--- START ---
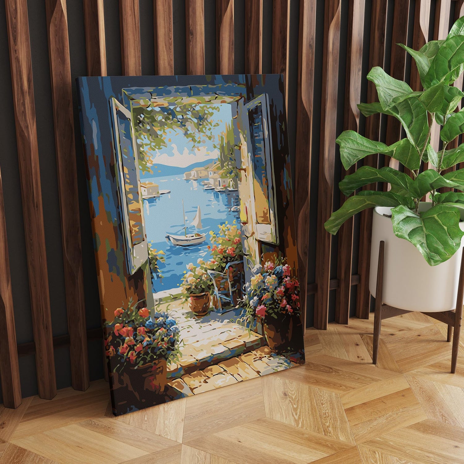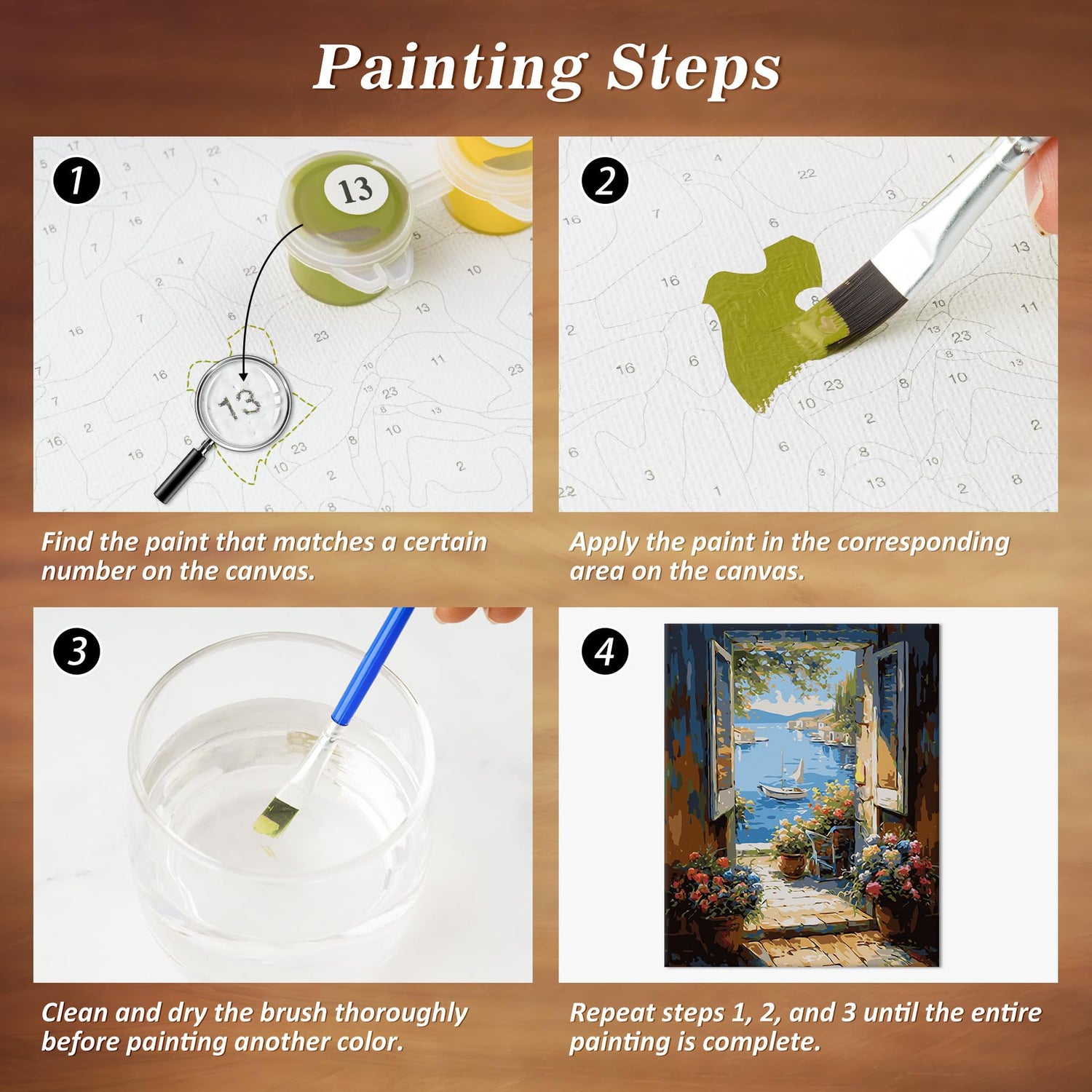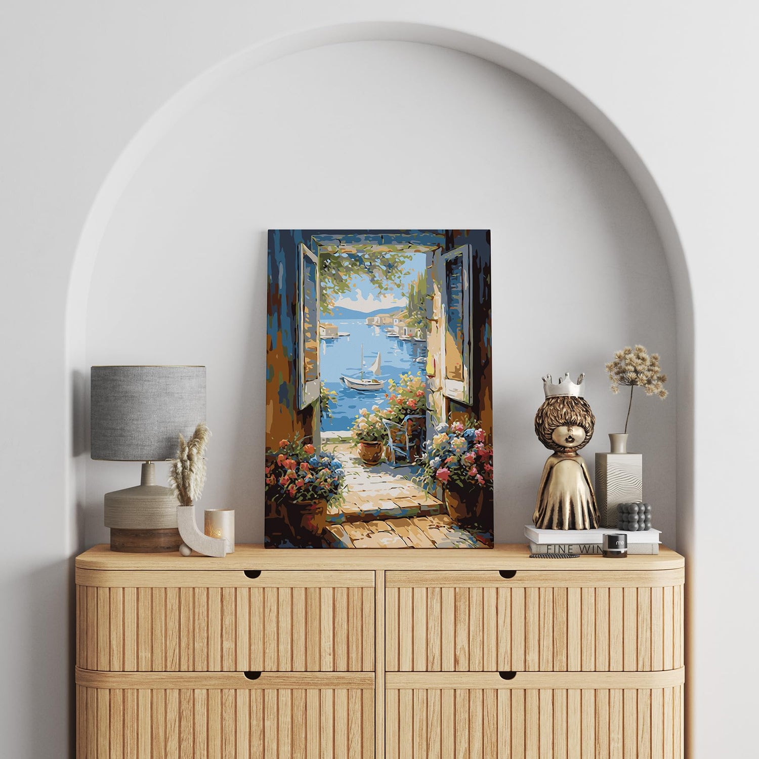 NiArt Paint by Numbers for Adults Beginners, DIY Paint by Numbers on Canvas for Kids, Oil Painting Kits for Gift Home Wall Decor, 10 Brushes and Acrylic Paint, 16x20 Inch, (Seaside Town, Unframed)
--- END ---
--- START ---
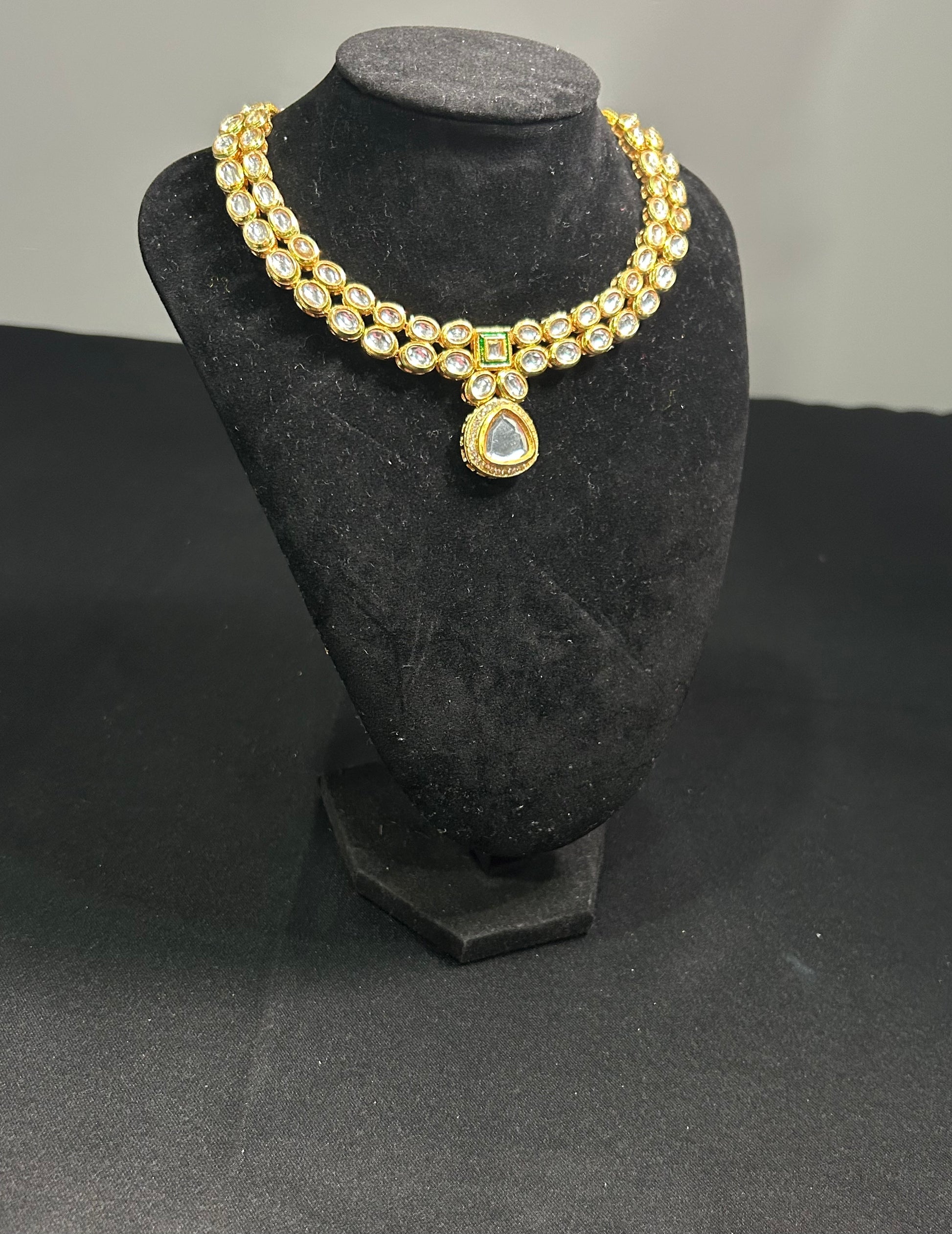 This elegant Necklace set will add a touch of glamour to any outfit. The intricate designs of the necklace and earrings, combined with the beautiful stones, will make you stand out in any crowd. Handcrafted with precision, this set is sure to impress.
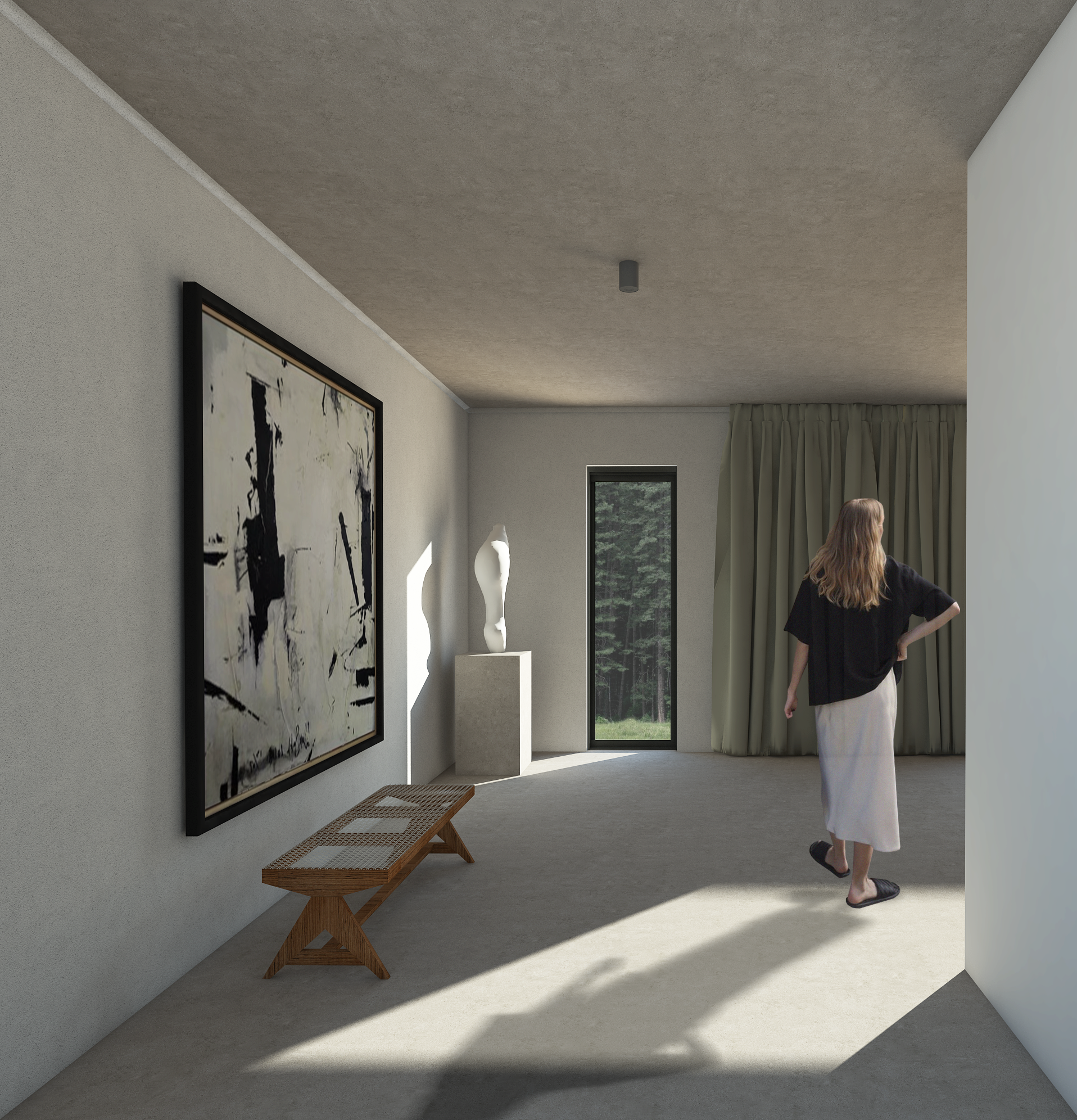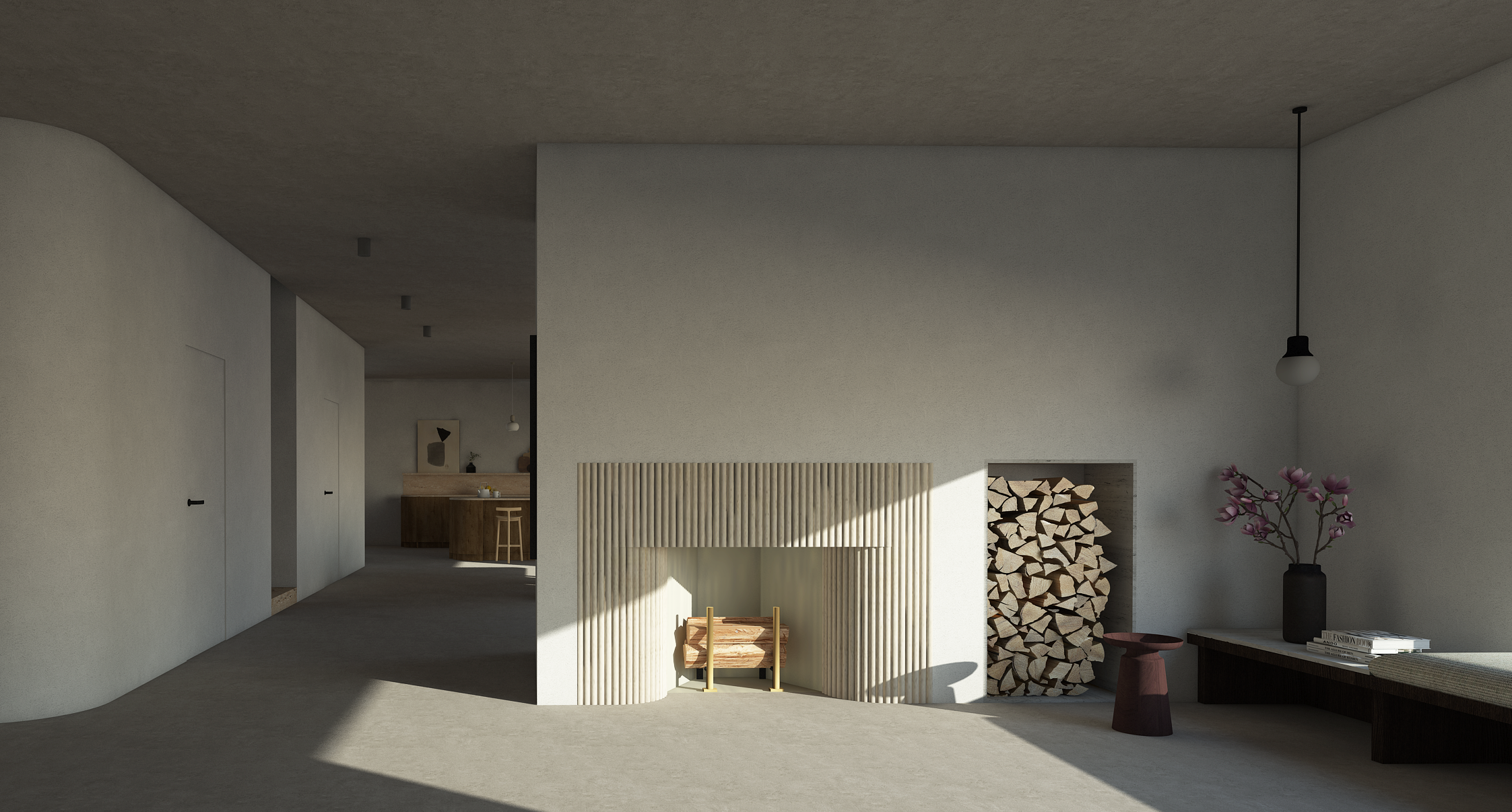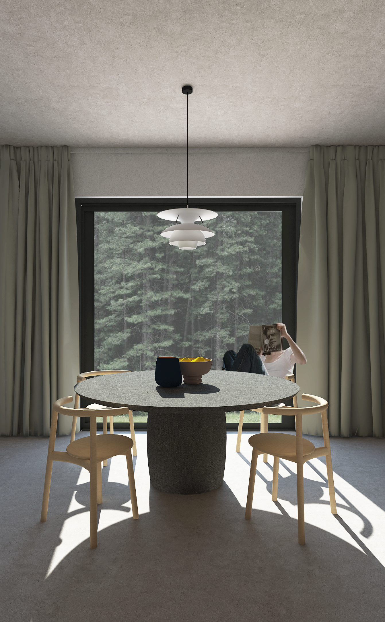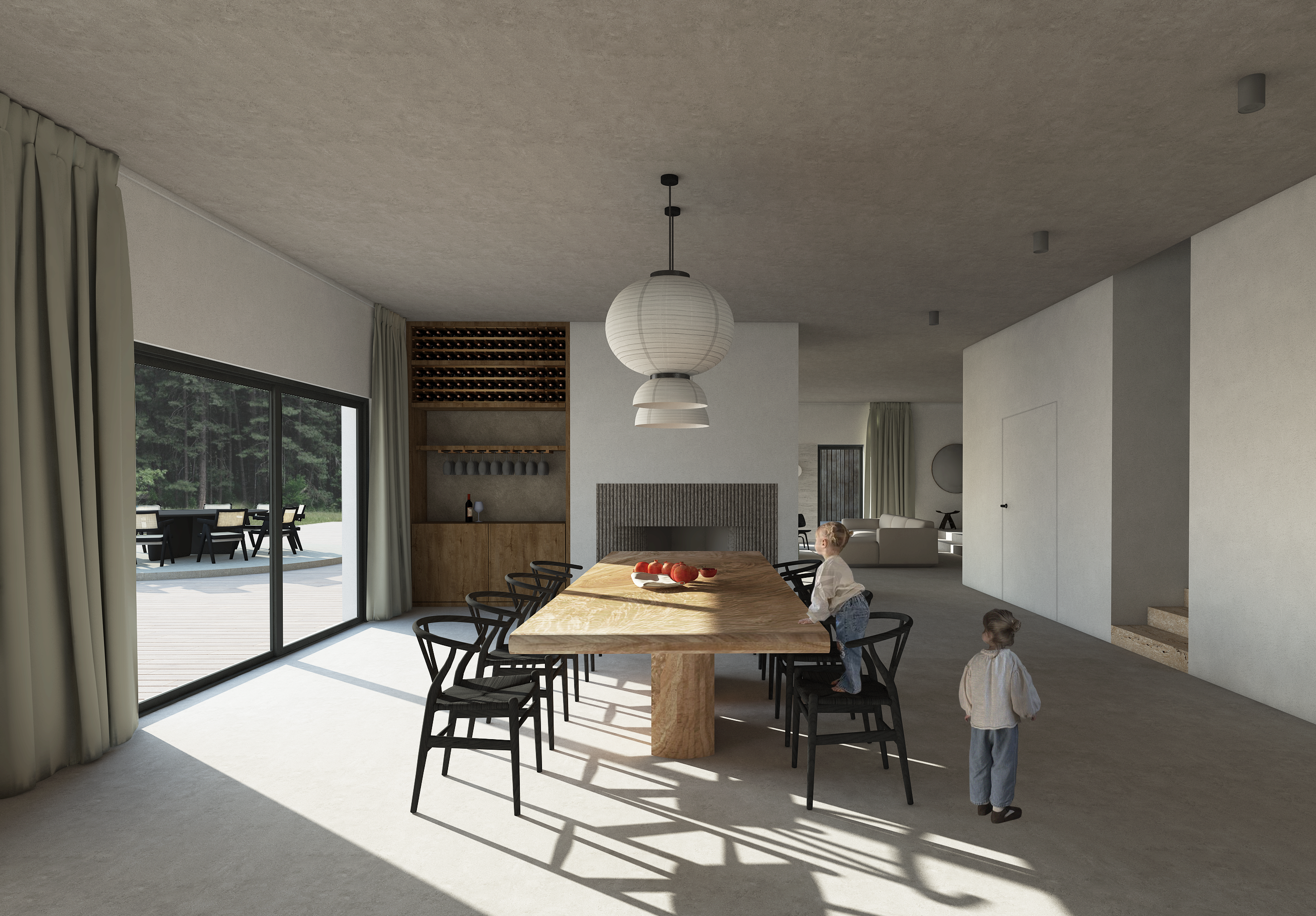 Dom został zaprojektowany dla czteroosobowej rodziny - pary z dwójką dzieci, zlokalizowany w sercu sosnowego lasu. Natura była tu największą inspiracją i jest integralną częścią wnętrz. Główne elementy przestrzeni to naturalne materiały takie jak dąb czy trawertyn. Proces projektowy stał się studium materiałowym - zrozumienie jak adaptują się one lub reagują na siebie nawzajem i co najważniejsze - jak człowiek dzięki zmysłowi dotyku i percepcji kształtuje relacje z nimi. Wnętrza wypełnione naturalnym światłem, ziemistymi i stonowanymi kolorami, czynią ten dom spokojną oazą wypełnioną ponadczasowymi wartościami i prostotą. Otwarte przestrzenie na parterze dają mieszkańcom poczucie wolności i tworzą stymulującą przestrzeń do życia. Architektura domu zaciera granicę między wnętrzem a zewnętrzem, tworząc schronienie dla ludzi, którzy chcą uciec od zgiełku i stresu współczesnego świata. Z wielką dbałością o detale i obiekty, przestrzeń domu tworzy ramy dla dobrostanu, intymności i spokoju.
--- END ---
--- START ---
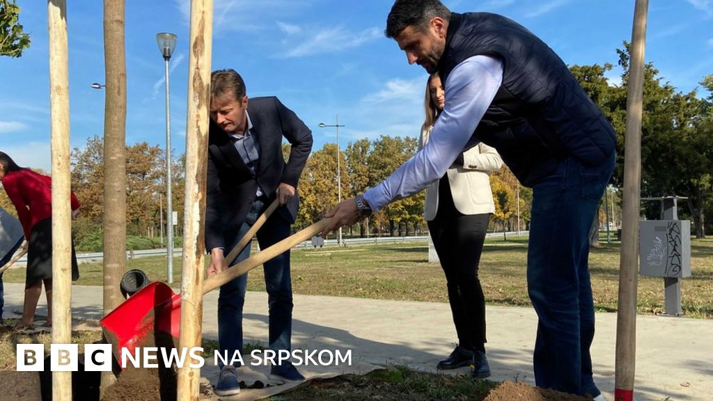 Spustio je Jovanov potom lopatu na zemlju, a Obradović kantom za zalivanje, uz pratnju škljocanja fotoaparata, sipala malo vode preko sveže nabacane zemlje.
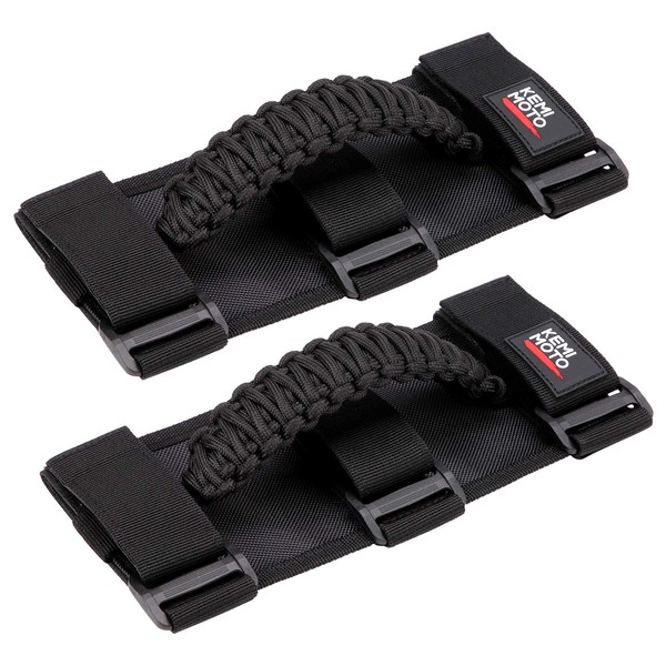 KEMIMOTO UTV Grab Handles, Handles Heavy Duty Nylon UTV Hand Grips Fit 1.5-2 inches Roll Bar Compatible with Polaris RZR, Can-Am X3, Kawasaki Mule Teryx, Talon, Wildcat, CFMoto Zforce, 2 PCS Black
--- END ---
> _EXERCISE BRIEF_
All that should be printed is the run of lines above from the one with "Spustio je Jovanov" through the one with "KEMIMOTO UTV Grab", both included, exactly as given, with pictures left out.

> _SOLUTION TO THE EXERCISE_
 Spustio je Jovanov potom lopatu na zemlju, a Obradović kantom za zalivanje, uz pratnju škljocanja fotoaparata, sipala malo vode preko sveže nabacane zemlje.
 KEMIMOTO UTV Grab Handles, Handles Heavy Duty Nylon UTV Hand Grips Fit 1.5-2 inches Roll Bar Compatible with Polaris RZR, Can-Am X3, Kawasaki Mule Teryx, Talon, Wildcat, CFMoto Zforce, 2 PCS Black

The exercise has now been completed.